Mark the step of detection model carries out target detection, obtains the target area in target video frame.Wherein, w is positive integer.
When the value of w is 1, when i is equal to n+1, terminal gets the n corresponding target area of target video frame
Domain.
When the value of w is more than 1, terminal gets the n corresponding target area of target video frame according to preset rules
Domain.Preset rules can refer to the correlative detail in following example, not introduce first herein.
Step 203, according to the n corresponding target area of target video frame, video volume is carried out using ROI encryption algorithms
Code encoded after target video.
Terminal carries out Video coding according to the n corresponding target area of target video frame, using ROI encryption algorithms and obtains
Target video after to coding, including but not limited to following two possible realization methods.

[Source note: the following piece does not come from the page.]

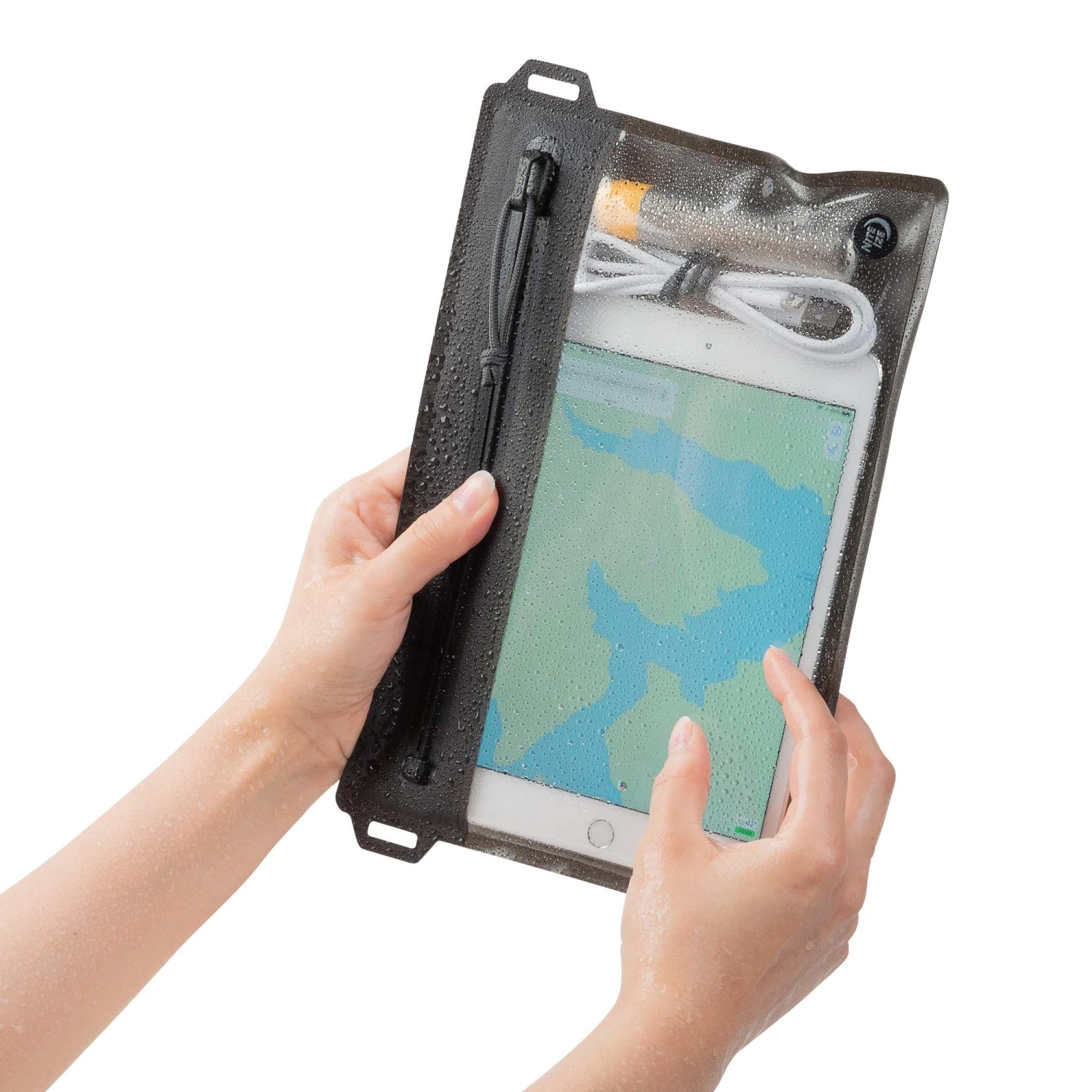 Die Runoff Waterproof Travel Pouch ist wasser- und staubdicht nach IP67. Sie besteht aus robustem TPU mit verschweißten Nähten. Der Tru Zip Waterproof RV dichtet die Tasche in beide Richtungen zuverlässig ab und erlaubt einen unkomplizierten Zugriff. Die Tasche ist auf einer Seite transparent. So weißt du direkt was in ihr steckt. Durch die flache Form nimmt die Runoff Waterproof Travel Pouch kaum Platz weg.

In the first possible implementation, terminal to a target video frame after carrying out target detection, to this
Target video frame carries out Video coding.I.e. for i-th of target video frame, target detection is carried out using target detection model and is obtained
After target area in target video frame, target area in i-th of target video frame of terminal-pair using ROI encryption algorithms into
Row Video coding, i-th of target video frame after being encoded;After being encoded according to the target video frame after n coding
Target video.
Terminal is based on H.264 video encoding standard or H.265 video encoding standard encodes target area using RO I
Algorithm encodes ROI, the target video frame after being encoded.
Optionally, terminal using target detection model carry out target detection obtain target area in target video frame it
Afterwards, the target area in target video frame is determined as ROI, ROI is encoded using ROI encryption algorithms, after obtaining coding
Target video frame.
In second of possible realization method, terminal is referred to using delay coding mode, the delay coding mode with language
Show that n target video frame in terminal-pair target video carries out target detection, after detection is completed, to n target video frame
Carry out Video coding, n target video frame after being encoded, after being encoded according to the target video frame after n coding
Target video.
Target video frame includes target area and other regions other than target area.Target video after coding
The clarity of target area in frame is higher than the clarity in other regions.
After n target video frame is encoded in terminal-pair target video, n target video frame after being encoded, root
The target video after coding is determined according to n target video frame after coding.Target video after encoding includes n after coding
Target video frame.
It should be noted is that in the following embodiments, it is only corresponding according to n target video frame with terminal
Target area uses ROI encryption algorithms to carry out the realization method of the target video after Video coding is encoded as above-mentioned second
It is illustrated for the possible realization method of kind, i.e., terminal is illustrated using being delayed for coding mode.
It needs to illustrate on the other hand, terminal carries out Video coding to n target video frame using delay coding mode and obtains
The process of n target video frame after to coding can refer to the associated description in following example, not introduce first herein.
In conclusion the present embodiment carries out target detection using target detection model by terminal to target video frame, obtain
To the target area in target video frame, as the variation of video pictures is dynamically determined target area i.e. ROI region so that after
Continuous terminal can carry out Video coding based on the ROI region being dynamically determined out using ROI encryption algorithms, and target area is being effectively ensured
While the coding quality and stability in domain, the encoder bit rate of target video is reduced, video coding efficiency is improved.
Fig. 3 shows under identical clarity, and two different method for video coding are to transmitting the difference of the code check of video
Demand.Wherein, two different method for video coding are respectively that the target detection provided in the embodiment of the present application is compiled with ROI videos
Code algorithm is combined the method for carrying out Video coding and traditional carries out Video coding based on H.26 4 video encoding standards
Method.As shown in figure 3, the method for video coding that the embodiment of the present application is provided is compared to conventional video coding method, identical
Clarity under transmission video code check in other words broadband occupy reduce 20%~30%.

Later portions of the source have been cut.